Our Story - PetaGene

PetaGene started as a small hint of an idea: that a team of Cambridge University PhDs could together devise a novel approach to the problem of genomic data storage. Through “Project PetaGene,” a collaboration with the Stegle Group at EMBL-EBI, we researched how to compress huge amounts of genomic data—without compromising data quality

Members of Project PetaGene: Dan Greenfield, Alban Rrustemi, Oliver Stegle

Three years later, PetaGene is much more than a research project. We took our idea to London’s Entrepreneur First incubator and graduated with the program’s sixth cohort in 2016. That same year, we won Best of Show for our PetaSuite compression tools at Bio-IT World’s annual conference in Boston, beating out 46 competitors from 190 total exhibiting companies. Now, we’re a full-fledged company with a suite of products that do what we hoped they would when we began our research at the University of Cambridge: compress genomic data up to 6x, without affecting the quality of the data. Beyond the awards and accolades, we’re deeply committed to the motive that inspires PetaGene daily: reducing the size and associated storage cost of genomic data, so it can be more readily accessed and analyzed.

Why is accessing genomic data important? Genome sequencing promises abundant medical benefits. It can offer researchers insights on the genetic origins of certain diseases and enable them to potentially uncover new treatments; can allow patients to practice “precision medicine,” in which understanding their specific genetic composition enables them to make better, more precise decisions about their health; and can be stored and analyzed as it accrues, offering long-term research opportunities and solutions to health concerns.

Despite these myriad benefits, the storage cost associated with genome sequencing—which produces a huge volume of data—can be prohibitive. While DNA sequencing has itself become more affordable (less than $1,000 today vs. $300M when it was first introduced in 2001), storage costs have risen. One thousand petabytes of genomic data are already being stored worldwide, and the aggregate cost of genomic storage is expected to grow from $0.5B today to $5B by 2021.

That’s where PetaGene comes in. Our products reduce the footprint of genomic datasets in FASTQ and BAM by up to 6x while preserving genotyping accuracy and reducing hardware storage costs. We’ve worked hard to make integration seamless, with no need for a separate mount or volume. Our fast transfer speeds and open access allow researchers to collaborate easily, sharing PetaGene-compressed files quickly and efficiently.

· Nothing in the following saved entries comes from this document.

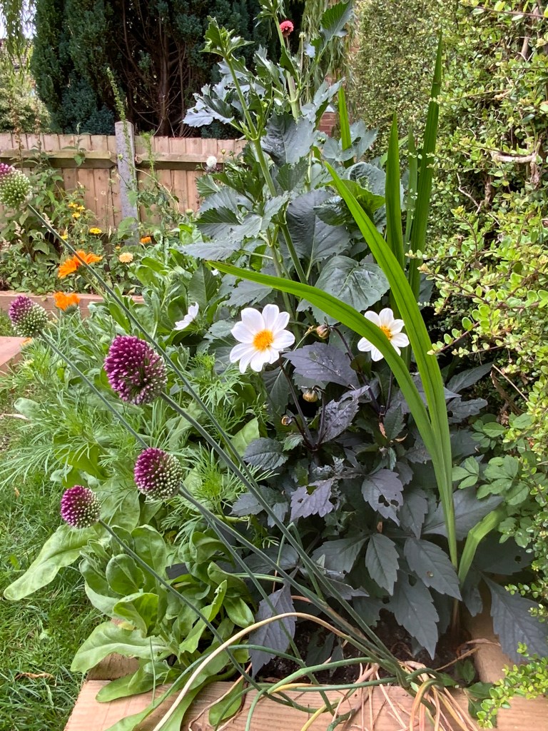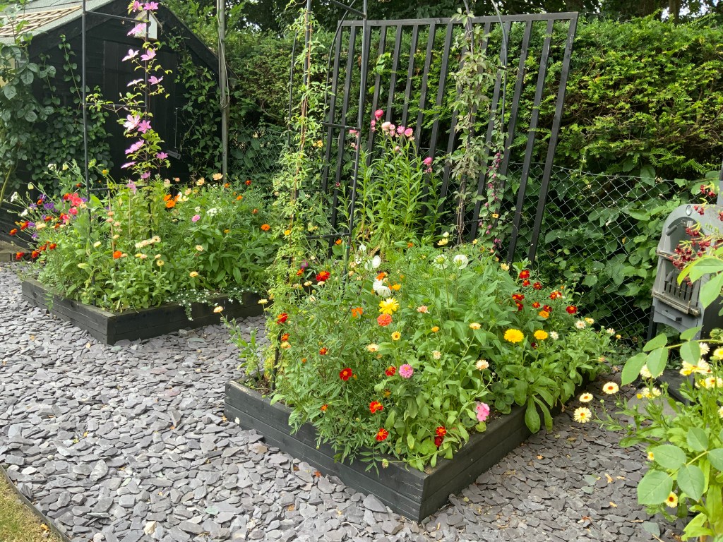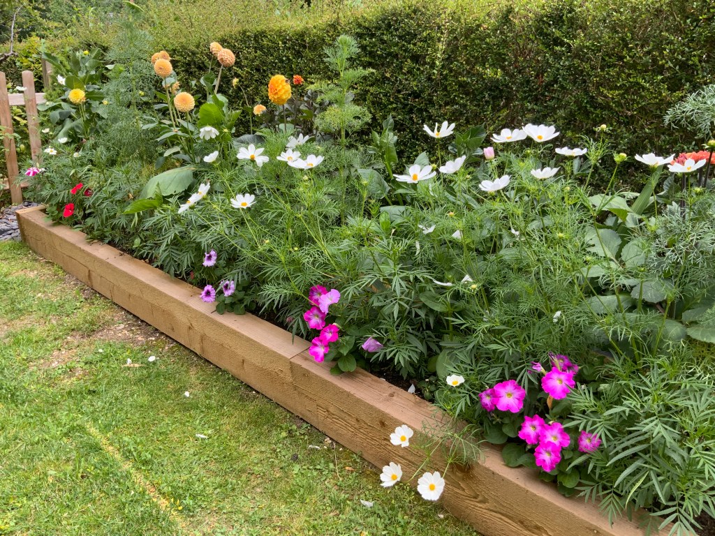 Last year we exchanged veg for flowers, as we have done again this year. Unfortunately the trees that killed the grass, drains all the goodness and water from the ground, as well as shade them much more than we would like.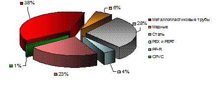 Специалисты отмечают, что структура Российского рынка труб для отопления водоснабжения будет сильно отличаться от европейского. Структура Российского рынка труб для отопления водоснабжения, 2007
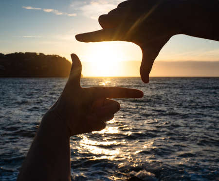 Close up of a mans hands making a frame gesture to capture the beautiful golden sunset. Concept of vision, creativity, planning, and future goals.
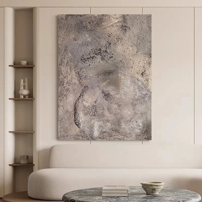 MUMO手描き油絵《落境》- 抽象立体テクスチャーの壁掛けアート。リビングや玄関を彩る侘寂スタイルの装飾画で、心を和ませる空間を演出します。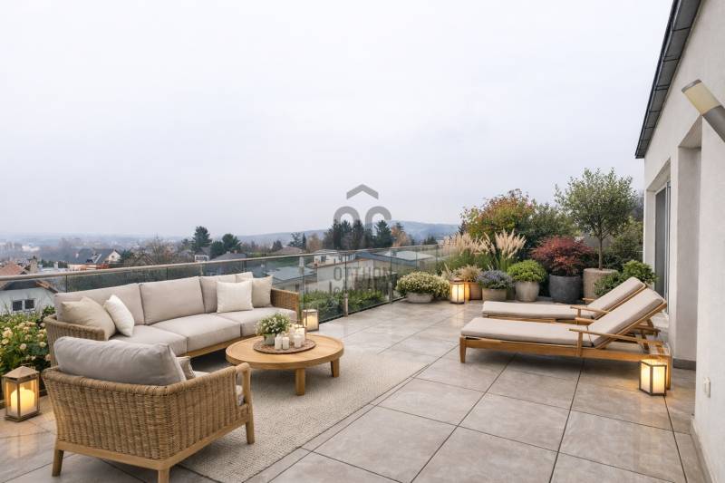 Kinek ajánlomEzt az ingatlant azoknak ajánlom, akik az otthont nem pusztán élettérnek, hanem harmóniát adó helynek tekintik.Akik szeretik, ha reggel a napfény tölti meg a szobákat, ha este a városi fényekkel a horizonton pihennek meg, és fontos számukra a nyugalom, a panoráma és a minőség.Ideális választás családoknak, pároknak, vagy akár elfoglalt szakembereknek, akik egy rendezett, zöldövezeti környezetben szeretnének élni — kompromisszumok nélkül.ElhelyezkedésAz ingatlan Budaörs egyik legkedveltebb, dombos részén található, zöldövezeti, mégis kiválóan megközelíthető környezetben.A városközpont, valamint a legfontosabb bevásárlási lehetőségek – IKEA, Auchan, Tesco, Decathlon, Rossmann, gyógyszertárak – mind néhány perces autóútra elérhetők.Több iskola, óvoda és sportlétesítmény is a közelben található, a tömegközlekedés pedig kényelmesen használható: helyi buszjáratok biztosítanak kapcsolatot a budaörsi központ és Budapest irányába.Az M1–M7 autópályák csomópontja mindössze pár percre található.A környék hangulataA budaörsi dombvidék egyik legcsendesebb és legápoltabb része.A környék atmoszférája nyugalmat és természetközelséget sugároz, miközben modern, igényes családi házak és új építésű társasházak veszik körül.A környék ideális választás azoknak, akik szeretik a reggeli sétákat, a friss levegőt, a csendes esték békéjét, és akik számára fontos, hogy a panoráma valóban elvehetetlen maradjon.Az ingatlanrólA lakás egy kétlakásos társasház felső szintjén helyezkedik el – így teljes intimitást és privát életteret biztosít.A ház elhelyezkedéséből adódóan 180 fokos, körpanorámás kilátás tárul elénk, amely a nappaliból, a teraszról és a kertből is élvezhető.A lakás különlegessége a 33 m²-es, üvegkorlattal ellátott panorámaterasz, ahol minden napszakban más arcát mutatja a kilátás.A tágas, egybenyitott nappali–étkező–konyha térben hatalmas üvegfelületek engedik be a fényt, így a lakás egész nap napfényben úszik.A három hálószoba közül a legnagyobb közvetlen kertkapcsolattal rendelkezik.A házhoz privát úton lehet feljutni, ami biztonságot és nyugalmat ad, a környezet pedig rendezett és igényes.Műszaki felszereltségÉpítés éve: 2018Fa nyílászárók, prémium hőszigetelésselHőszivattyús hűtés–fűtés rendszer, alacsony fenntartási költségekkelBeépített konyhabútor és beépített gardróbszekrényekFrissen tisztított, üres állapot, azonnal költözhetőModern, igényes kivitelezés, időtálló anyaghasználatParkolás és megközelítésA lakáshoz tartozik egy 30 m²-es, zárható, privát garázs, amely kizárólag az ingatlan tulajdonosának használatában van.Ezen felül a telken belül további 2–3 felszíni beállóhely is rendelkezésre áll.A ház privát úton közelíthető meg, ami exkluzivitást és biztonságot nyújt a lakók számára.Ez az otthon egyszerre sugároz letisztultságot, harmóniát és eleganciát – egy hely, ahol minden részlet a kényelmet és a nyugalmat szolgálja.Ha felkeltette az érdeklődését, keressen bizalommal, örömmel mutatom be személyesen is ezt a különleges ingatlant.

We’ve created these products so researchers can do the most important work of analyzing genomic data to improve health and medicine for everyone. That’s why we’re committed to doing what we do—and we’ll keep working to make accessing genomic data faster, more efficient, and more cost-effective.

The Co-Founders

Dan Greenfield, Co-Founder and CEO

A Cambridge University PhD with a Masters in Bioinformatics, Dan has experience leading teams in Silicon Valley to build groundbreaking new products. His PhD was awarded a prize for the top dissertation in the UK by the British Computer Society.

Vaughan Wittorff, Co-Founder and Business Development Manager

A Cambridge University PhD, Vaughan has significant experience in inventing technology and commercializing it in the private sector. He was formerly a Senior Lecturer in Electrical Engineering at Curtin University of Technology, and long-term Visiting Fellow at Cambridge University in Computer Science and Technology.